-- EXTRACTED INFORMATION --
****************************************

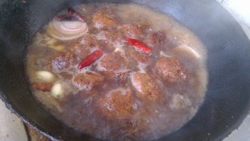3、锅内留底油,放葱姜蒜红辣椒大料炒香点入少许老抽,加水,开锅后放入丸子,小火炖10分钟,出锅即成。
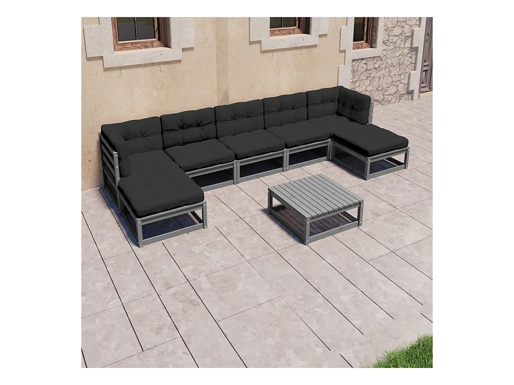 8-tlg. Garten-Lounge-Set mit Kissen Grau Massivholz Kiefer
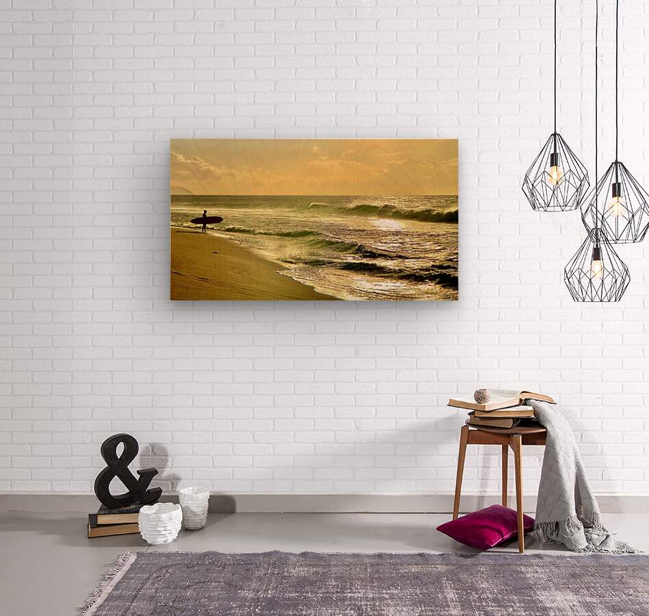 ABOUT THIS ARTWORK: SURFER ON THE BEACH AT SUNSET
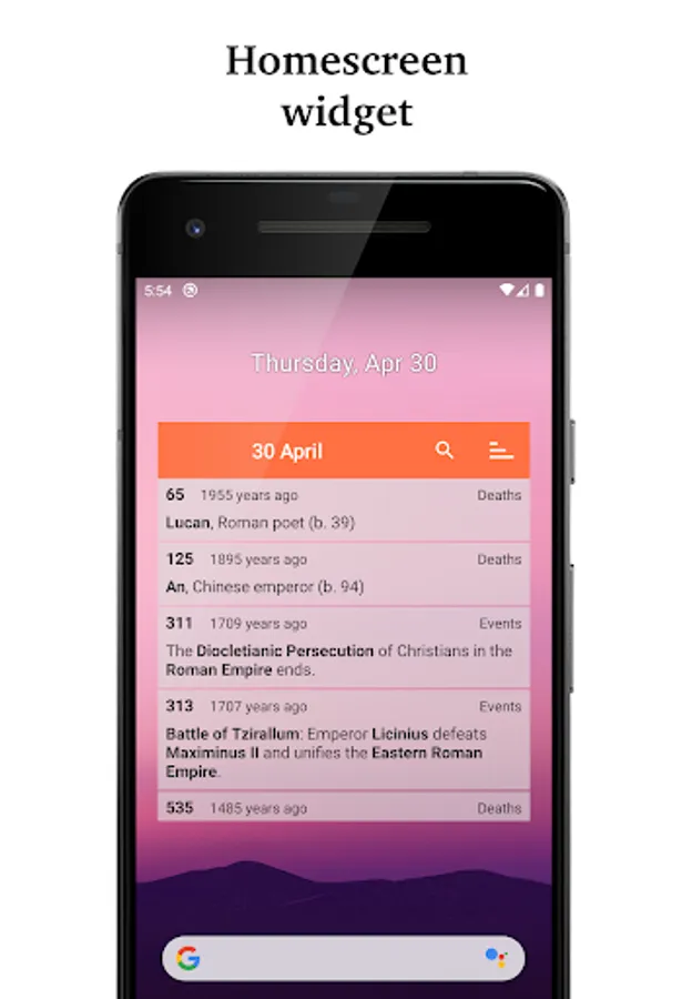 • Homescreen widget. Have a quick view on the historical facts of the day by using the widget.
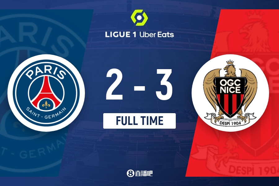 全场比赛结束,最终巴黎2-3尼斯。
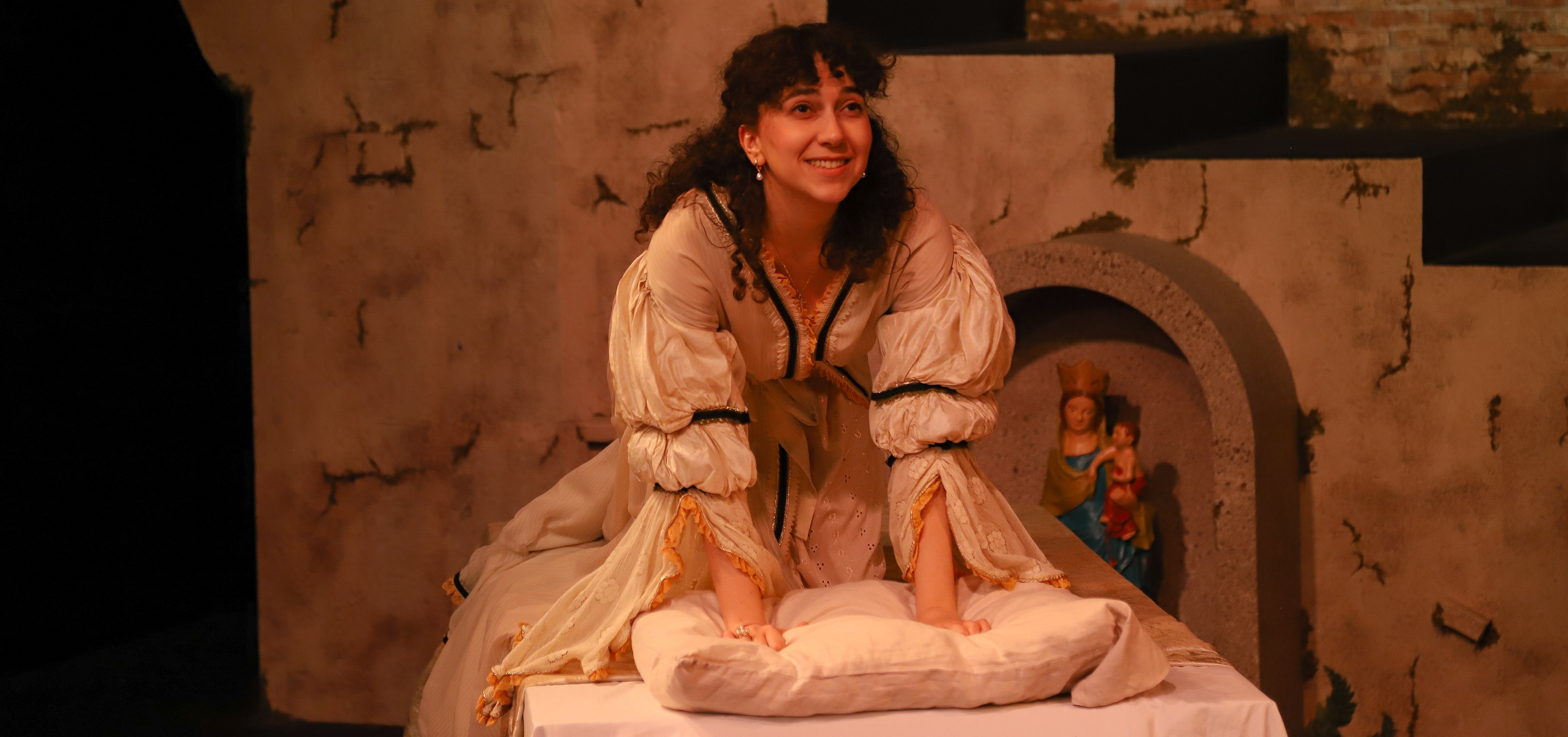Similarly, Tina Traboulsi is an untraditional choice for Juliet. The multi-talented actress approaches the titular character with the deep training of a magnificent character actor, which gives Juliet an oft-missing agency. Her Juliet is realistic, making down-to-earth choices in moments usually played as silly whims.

****************************************

-- EXERCISE --
Only the lines from the one containing "using the widget." through the last line of the entries, both included, should be repeated exactly, and the pictures should be left out.

-- RESPONSE --
 • Homescreen widget. Have a quick view on the historical facts of the day by using the widget.
 全场比赛结束,最终巴黎2-3尼斯。
Similarly, Tina Traboulsi is an untraditional choice for Juliet. The multi-talented actress approaches the titular character with the deep training of a magnificent character actor, which gives Juliet an oft-missing agency. Her Juliet is realistic, making down-to-earth choices in moments usually played as silly whims.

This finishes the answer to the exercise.